LCIFR is a state-of-the art system for training neural networks with provable certificates of individual fairness. LCIFR enables the definition of individual fairness constraints via interpretable logical formulas, enforces these constraints by mapping similar individuals close to each other in latent space, and leverages this proximity in latent space to compute certificates of equal outcome for all similar individuals.
LCIFR leverages the theoretical framework introduced by McNamara et al. which partitions the task of learning fair representations into three parties:
- data regulator: defines a fairness property for the particular task at hand
- data producer: processes sensitive user data and transforms it into a latent representation
- data consumer: performs predictions based on the new representation
The key idea behind LCIFR is to learn a representation that provably maps similar individuals to latent representations at most epsilon apart in l-infinity distance, enabling data consumers to certify individual fairness by proving epsilon-robustness of their classifier.

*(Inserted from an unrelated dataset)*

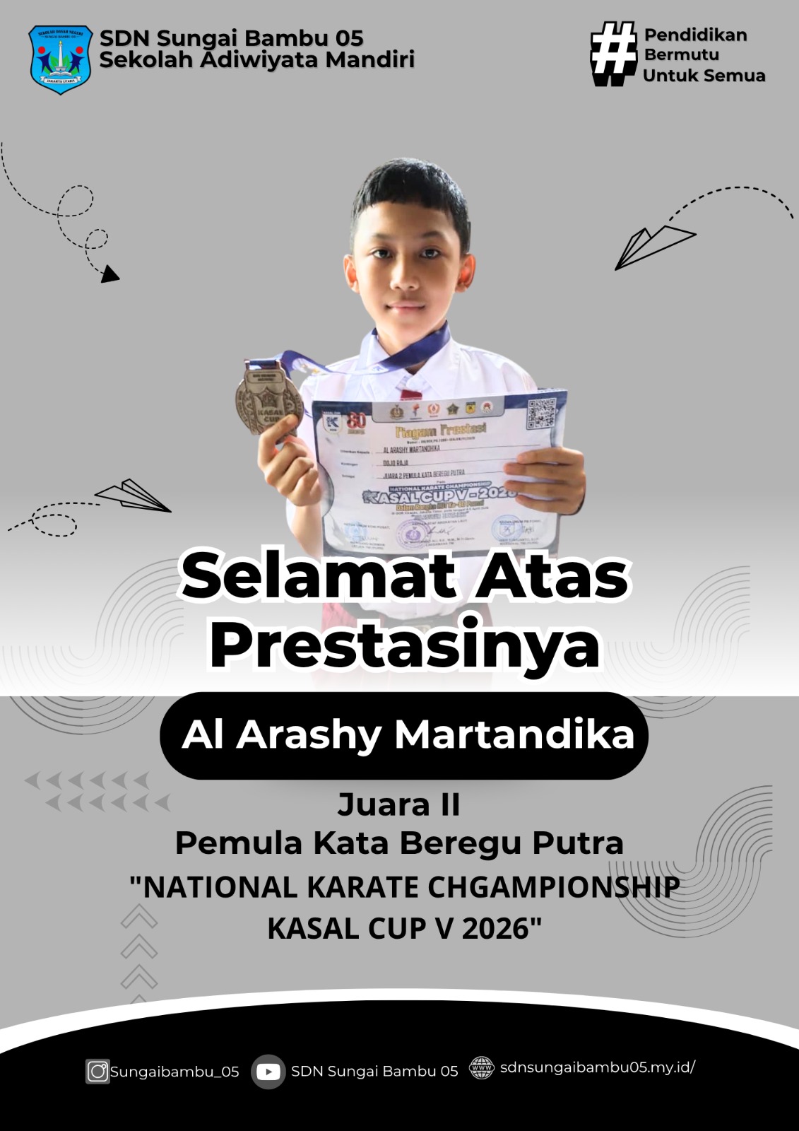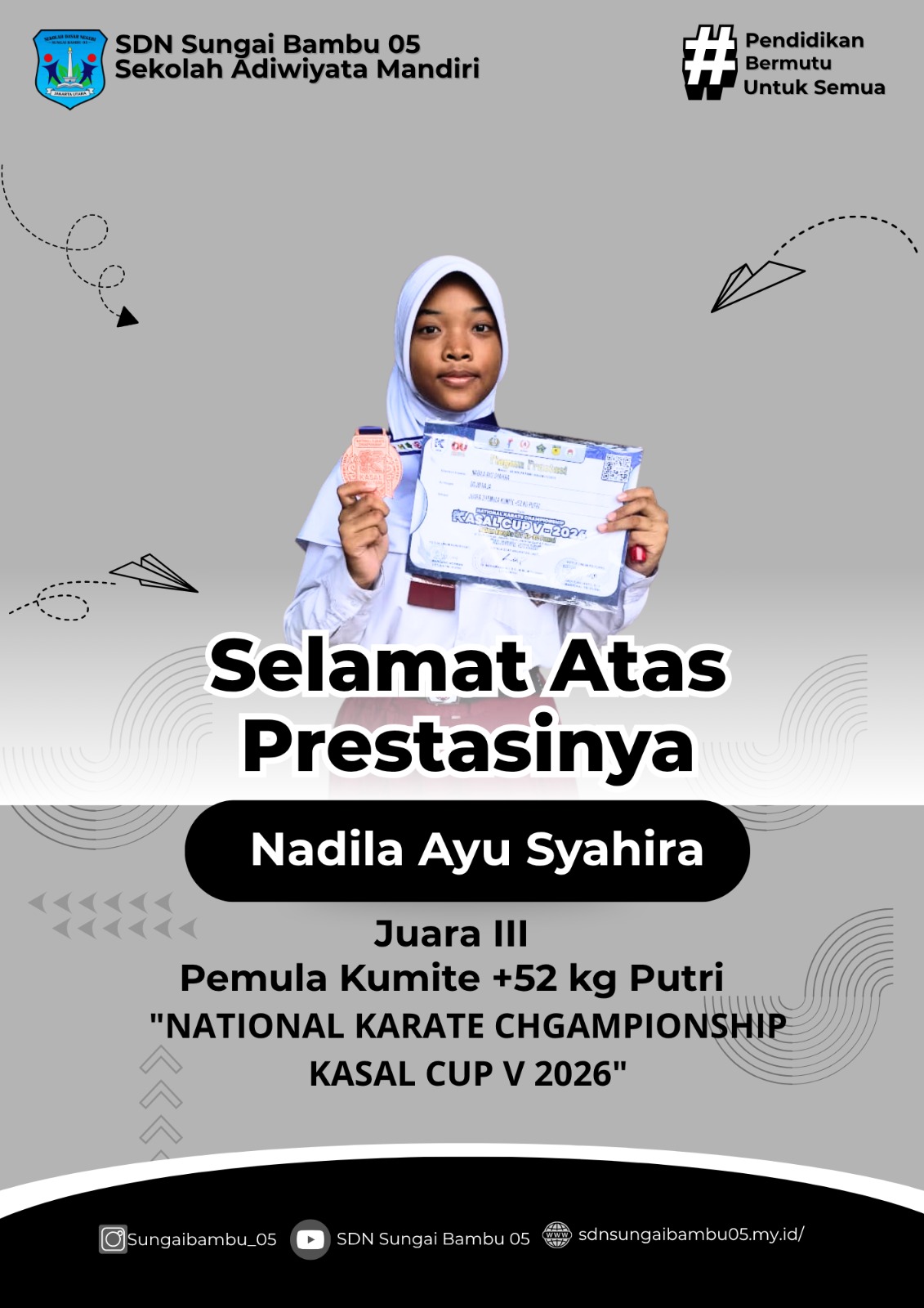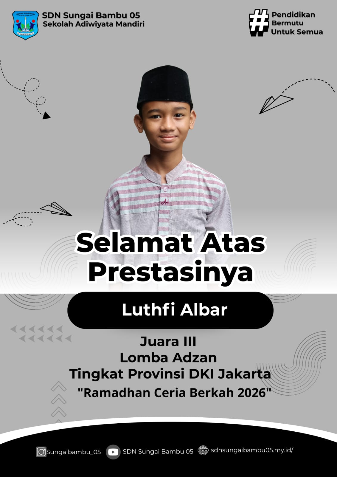 Siap Menghadapi Tantangan Global Dalam Lingkungan Belajar yang Ramah Anak.Bersama SDN SUNGAI BAMBU 05 kami hadir untuk membentuk anak-anak berakhlak mulia, cerdas, dan siap memimpin masa depan.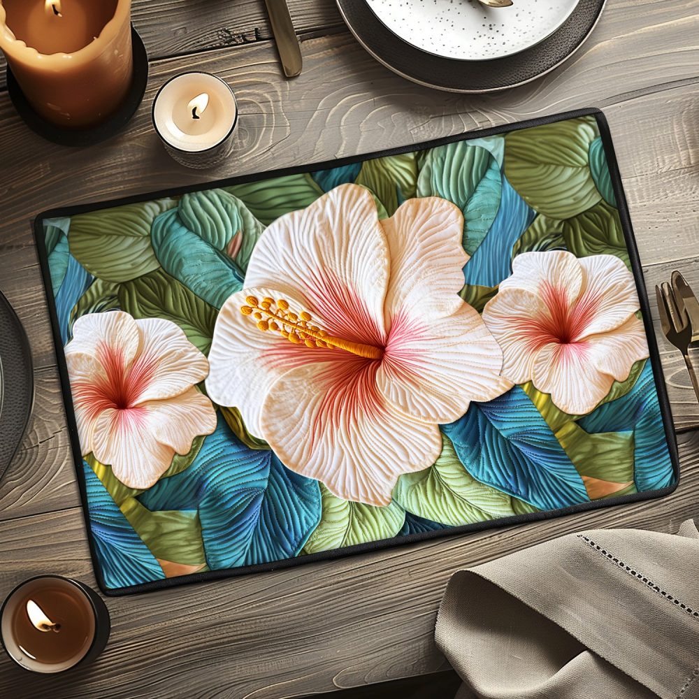 Bring bold hibiscus blooms to your table with a quilted placemat that celebrates tropical color and texture. The padded quilt surface shields tabletops while showcasing vivid floral design for summer dinners, outdoor meals, or island-inspired gatherings. Lightweight and versatile, it’s a stylish way to brighten everyday dining and seasonal celebrations.

Furthermore, LCIFR allows data regulators to define rich similarity notions via logical constraints.
This implementation of LCIFR can be used as a library compatible with PyTorch and contains all code, datasets and preprocessing pipelines necessary to reproduce the results from our NeurIPS 2020 paper. This system is developed at the SRI Lab, Department of Computer Science, ETH Zurich as part of the Safe AI project.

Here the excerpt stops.